Surgeons made history in 2022 when they sewed heart valves and vessels taken from a child donor into the heart of organ transplant recipient Owen Munro, when he was just 18 days old.


This technique of saving the original heart tissue and using only living donor tissue to replace the defective parts has not been tried in humans previously. The lead surgeon, Joseph Turek of Duke University, had previously performed the procedure on only five pigs.


Now, more than a year later, baby Owen's heart has grown from the size of a strawberry to the size of an apricot, and the donor tissue has grown with it.


The researchers reported that Owen's heart function is "excellent", and he is achieving developmental milestones for a normal one-year-old child, such as playing, crawling and standing.

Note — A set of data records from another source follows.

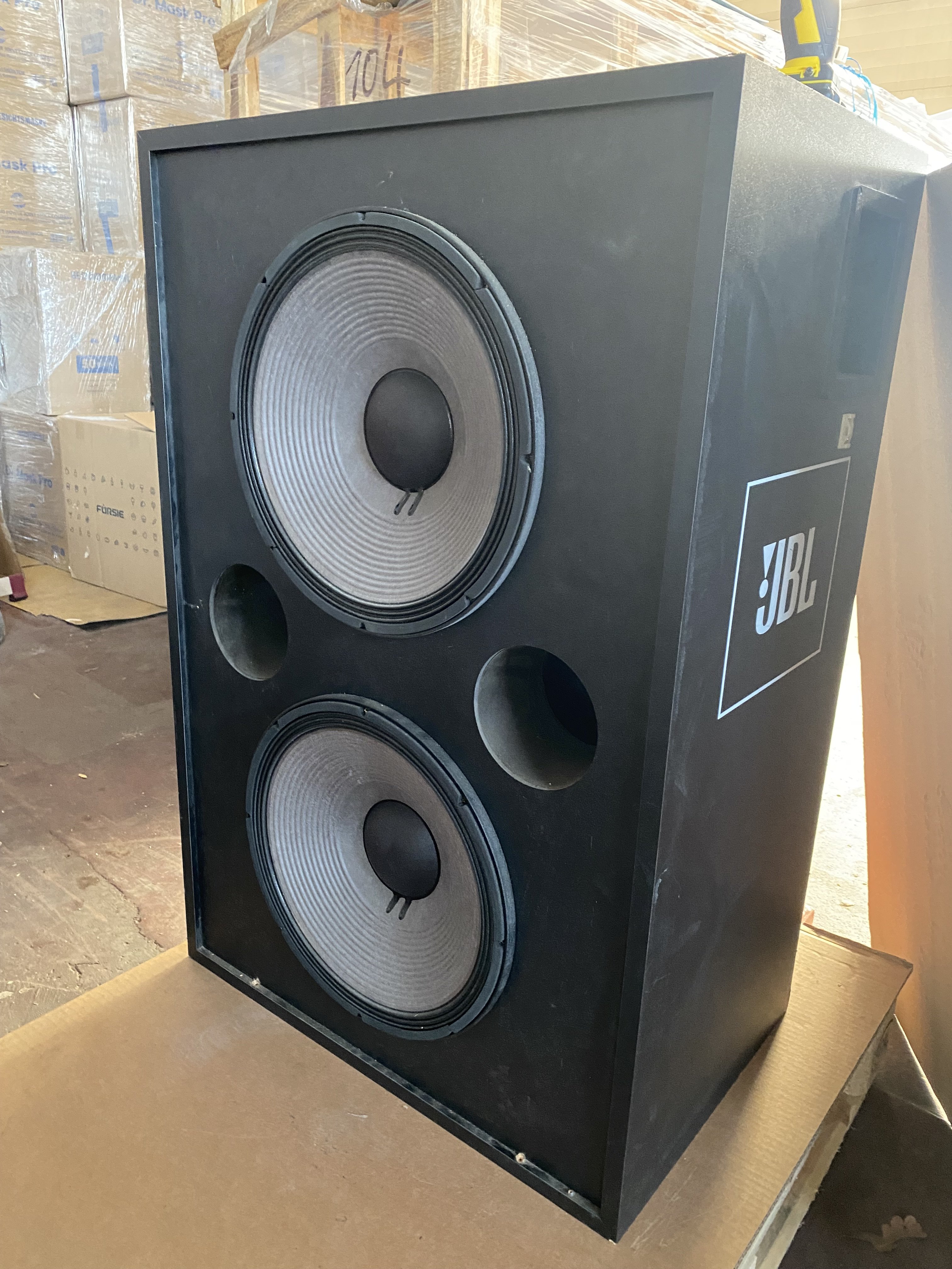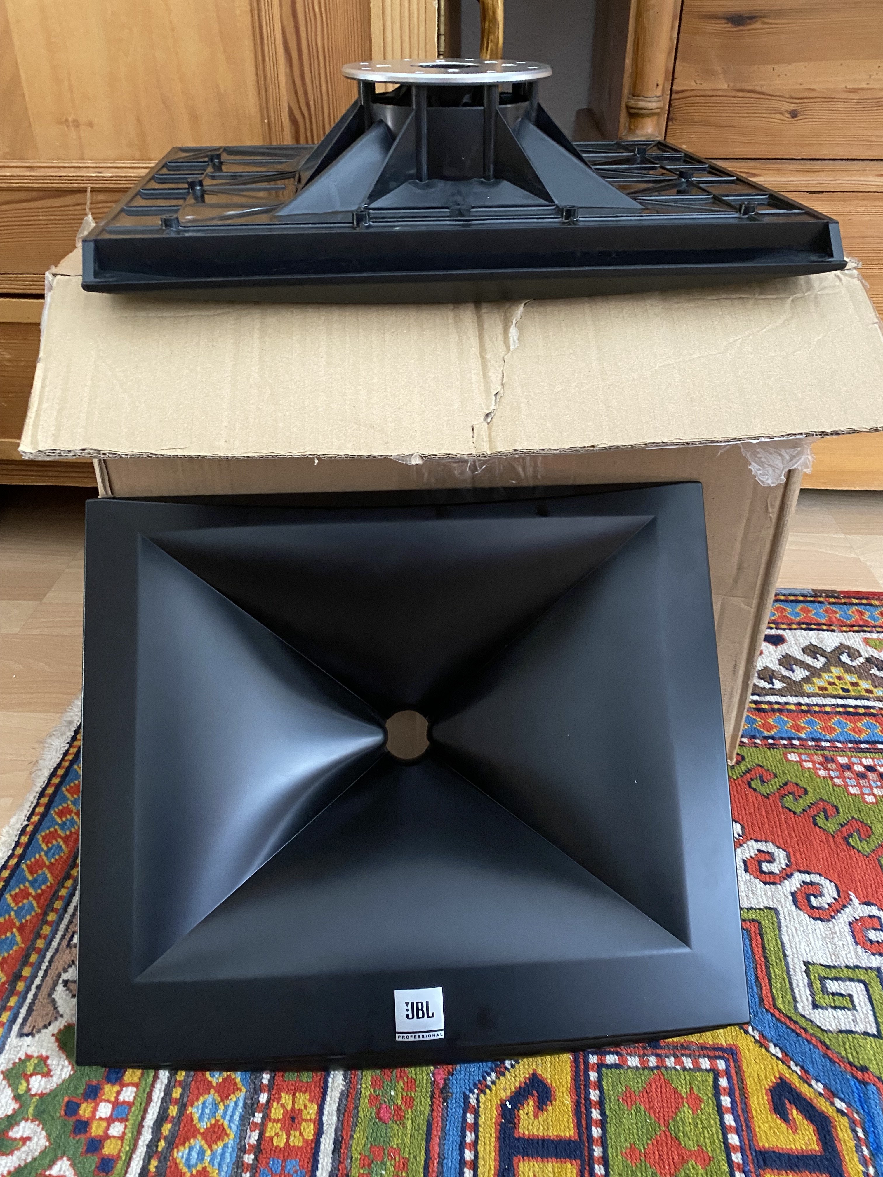 Lautsprecher sind aufgemöbelte Tiefmitteltoneinheiten aus einem JBL-Kinolautsprechern, statt dem riesigen Originalhorn sitzt da aber der etwas dezentere Waveguide aus dem JBL M2-Studiolautsprecher drauf. Die Waveguides habe ich in den USA bestellt. Tiefmitteltöner sind jeweils zwei 15"
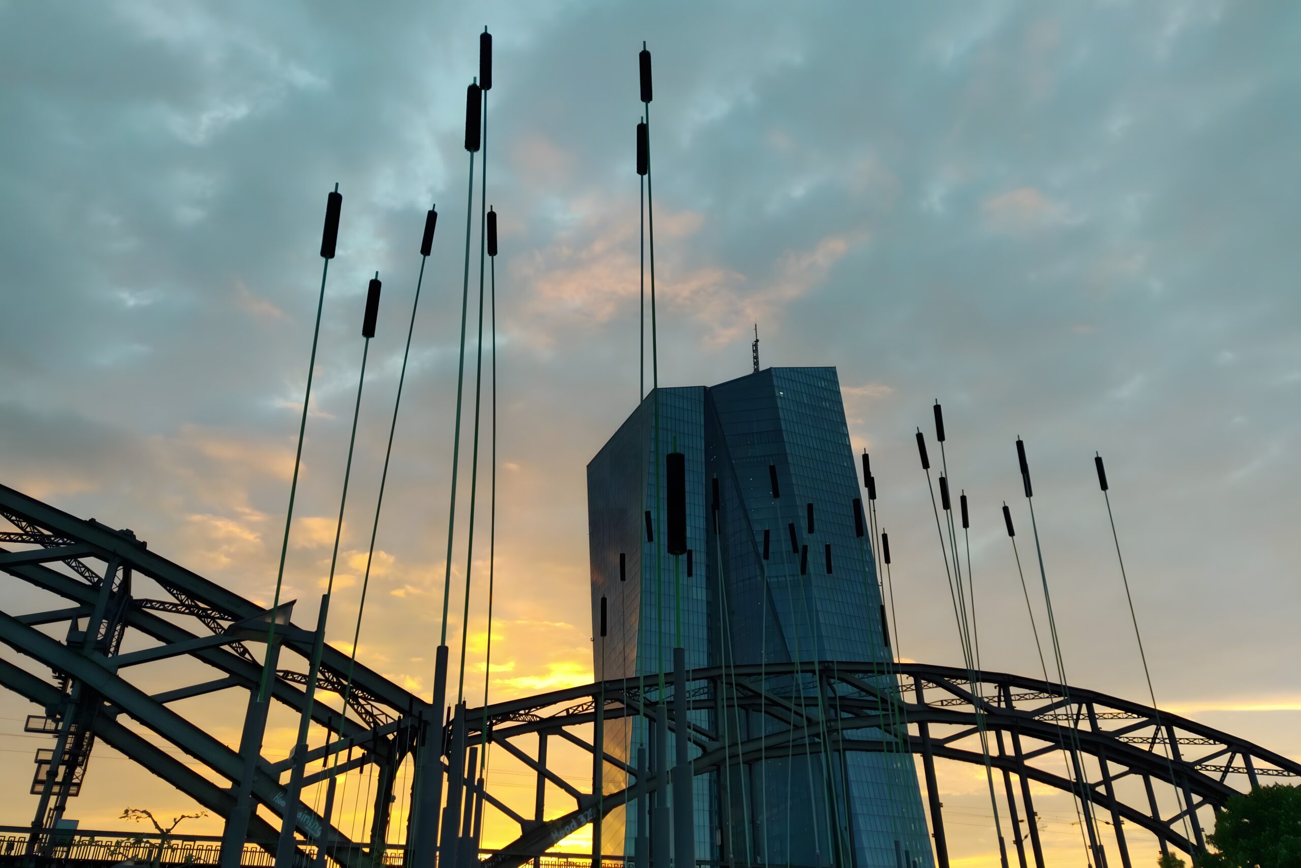 Die Station „Flusswind“ der Klimaroute liegt im Frankfurter Hafenpark am nördlichen Mainufer. Hier treffen Flusswind, Verdunstungskühle des Wassers und die Kaltluft des Parks aufeinander und sorgen dafür, dass es spürbar frischer ist als in den dicht bebauten Quartieren der Innenstadt. Die Installation aus hohen, biegsamen Windhalmen macht die Luftbewegungen sichtbar und lädt dazu ein, die Bedeutung von Frischluftschneisen für das Stadtklima zu entdecken.
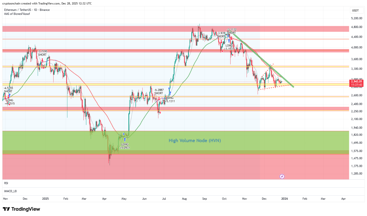 以太坊目前在一个明确的范围内交易,上方以下降趋势线为界,下方以2800美元附近的水平支撑为界。
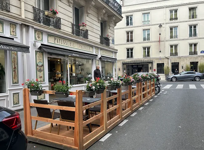 Founded in 2006 at 86 rue du Rocher, Maison Hecht is an artisan bakery‑pâtisserie specializing exclusively in organic products. Its façade, adorned with green‑toned faïence depicting traditional bakery scenes, signals both elegance and commitment to bio sourcing. The predominant green hue reflects France’s organic agriculture label—a promise fulfilled in taste and quality.
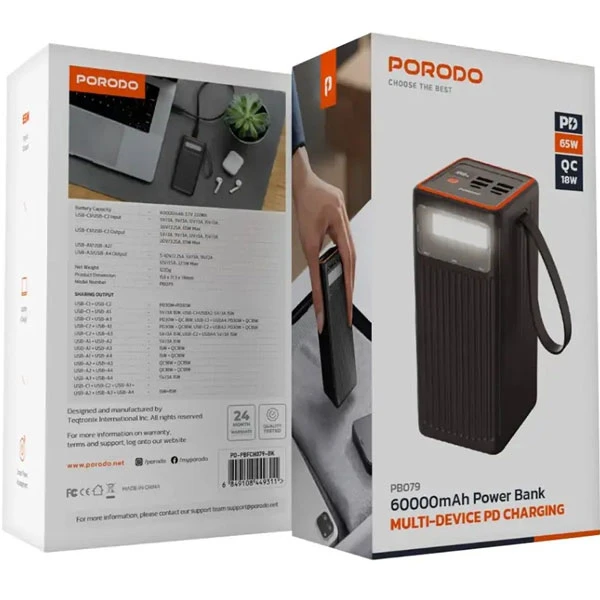 شارژر همراه پورودو با ظرفیت 60000 میلیآمپر ساعت و قابلیت شارژ PD برای چندین دستگاه، یک راهحل شارژ متنوع و با ظرفیت بالا برای تغذیه تمامی دستگاههای شما میباشد. با داشتن ظرفیت چشمگیر 60000 میلیآمپر ساعت (3.7 ولت 222 وات ساعت)، این دستگاه پشتیبانی خوبی برای گوشیهای هوشمند، لپتاپها یا هر دستگاه دیگری ارائه میدهد. این محصول با سرعت بسیار بالا از طریق USB-C1/USB-C2 ورودی و خروجی شارژ را انجام میدهد و حداکثر 65 وات را با سازگاری PD 65W پشتیبانی میکند؛ خروجی USB-A1/USB-A2 نیز برای حداکثر 225 وات در دسترس است که به این ترتیب امکان شارژ چندین دستگاه بهطور همزمان را فراهم میآورد. سیستم خروجی مشترک به چند دستگاه اجازه میدهد تا بهطور همزمان در ترکیبهای PD30W و QC18W شارژ شوند. شارژ لپتاپ به همراه مدیریت هوشمند توان مصرفی، مصرف موثر انرژی را تضمین میکند. این پاوربانک یک مرکز قدرت قابل اعتماد با عملکرد و راحتی بهبود یافته است که بهطور کامل برای مسافران، کارمندان دورکار یا هر کسی که به یک منبع انرژی قوی در حین حرکت نیاز دارد، مناسب است.

Owen's parents, Nick and Tyler Monroe, agreed to the surgery after learning that their child had a serious heart defect known as truncus arteriosus, in which the duct leaving the heart fails to separate during growth, resulting in two major blood vessels merging in a way that deprives the child of oxygen. .


Typically, infants with truncus arteriosus are either given a full heart transplant, or are treated using frozen tissue from cadaver hearts. Hearts transplanted into infants will grow with the child, but they often become dysfunctional over time. As a result, about half of children who undergo a heart transplant will die by age 20.


To prevent transplanted hearts from being rejected by the immune system, recipients are given medications that suppress the immune system, preventing the body from fighting not only heart tissue, but also cancer and infections.


The body tends to reject the donor's heart muscle, but not the valves and vessels. Because baby Owen only had a partial blood vessel and valve transplant, he only needs half a dose of one of these immunosuppressive drugs.


Infants treated for truncus arteriosus using frozen cadaver tissue need surgery every few years. As a result of these risky surgeries, this treatment carries a 50% risk of death.

Fortunately, Owen's heart is now pumping normally and is expected to continue for life, researchers report.


The research paper was published in JAMA.